Пионерский костер, 1986
Страсть Дарвина, 1988
Вождь как неразличимый элемент народа — вещь, конечно, совершенно невиданная в той части света, где А.С. имел счастье родиться. Поэтому Дарвин Дарвиным, а вождей надо уважать. Эта тема раскрыта художником очень полно и в разных аспектах. Вот наиболее адекватное народному сознанию представление. Комментарии особенно не нужны; в России сама демократия может быть дарована только по высочайшему повелению, равно как и отобрана через некоторое количество лет (чего тогда, я думаю, Сундуков, не подозревал). Но замените на этой картине плешь Горбачева на чуть иную плешь Путина; оттопыренные карманы советского костюма на более изысканные Gucci или чего он там носит — и суть не изменится. В конце концов, мы не знаем, что именно говорит этот человек тому морю голов. Головы со всем согласны, как видно. А еще они и руками умеют, независимо от конкретного вдохновляющего аплодисменты персонажа.
Эта последняя работа характерна своей тройной гиперболичностью: лица не важны, их нет, можно «подставить» в пустое место любое, как на трафарете; ладони выделены телесным цветом — они единственно важная часть ритуала; голова, с лицом вместе, участия не принимает; портреты, разнесенные во времени в реальной жизни (попробуй похлопать Сталину во времена Хрущева!) принципиально собраны вместе в одном зале. И они не важны, по сути — важен апофеоз нескончаемого одобрения начальника.

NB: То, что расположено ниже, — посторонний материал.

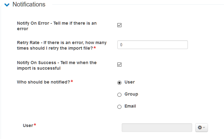 Notifications: This is for who should be notified about the results of the data import, it will send an email summary of the data-import results to the specified user.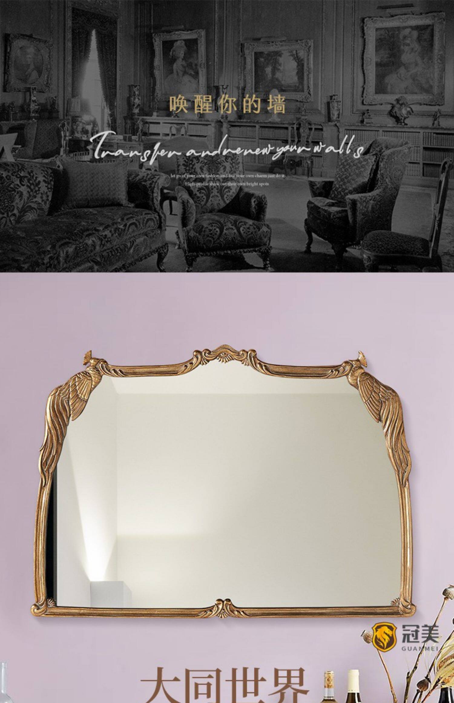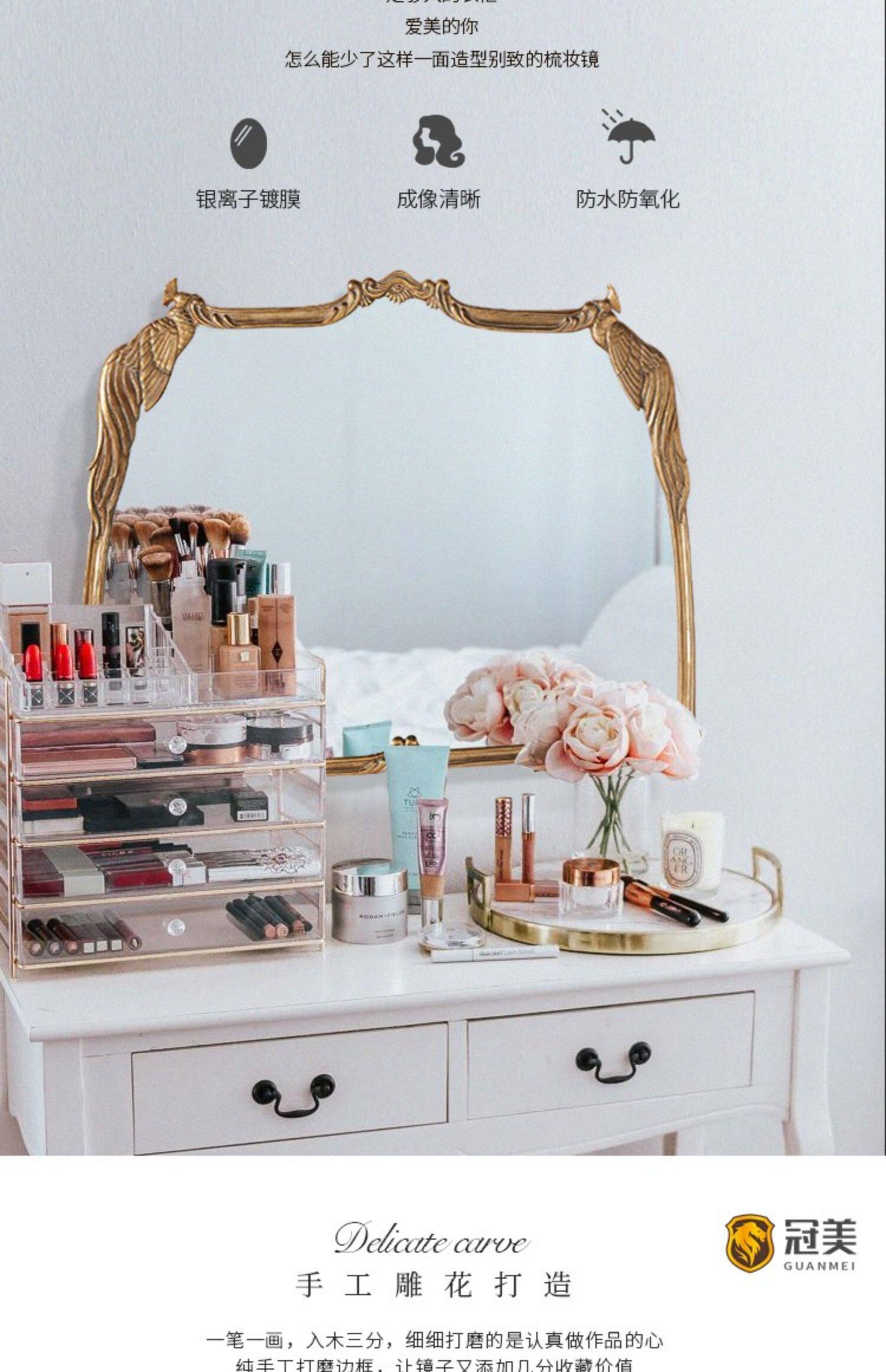 Ретро настольный настенный туалетный столик для спальни, зеркало

Первое Лицо (Приветствие), 1988
Fertilized soil (Удобренная почва), 1989
Кроме вождей, есть и другие начальники, часто не менее важные. Так устроена сама природа, что и показано на соответствующей картине. Что здесь интересно — не только полная идентичность клонированных голов, но и отличие от них «иерархического человека» (вспомним В. Челидзе) только одним атрибутом — фуражкой. Сними ее — и он растворится в строе и станет неразличимым. И, напротив, это подразумевает, что передай ее любому другому — будет такой же «гражданин начальник». Это сильная метафора. Что-то визуально очень похожее придумал за 130 лет до того Гюстав Доре, но ощутите разницу: у Доре царь олицетворяет абсолютную российскую власть, а зады — абсолютную покорность. Здесь же «фуражка» — всего лишь передаваемый символ власти, не сама она. Да и то сказать: офицер все же не император всея Руси, перед которым можно и склониться. А тут перед чем? Горы на горизонте и луна на небе вместе с названием намекают — перед самой природой, которая, вообще-то, и посильнее императора будет. Так что картина вовсе на так проста, как кажется.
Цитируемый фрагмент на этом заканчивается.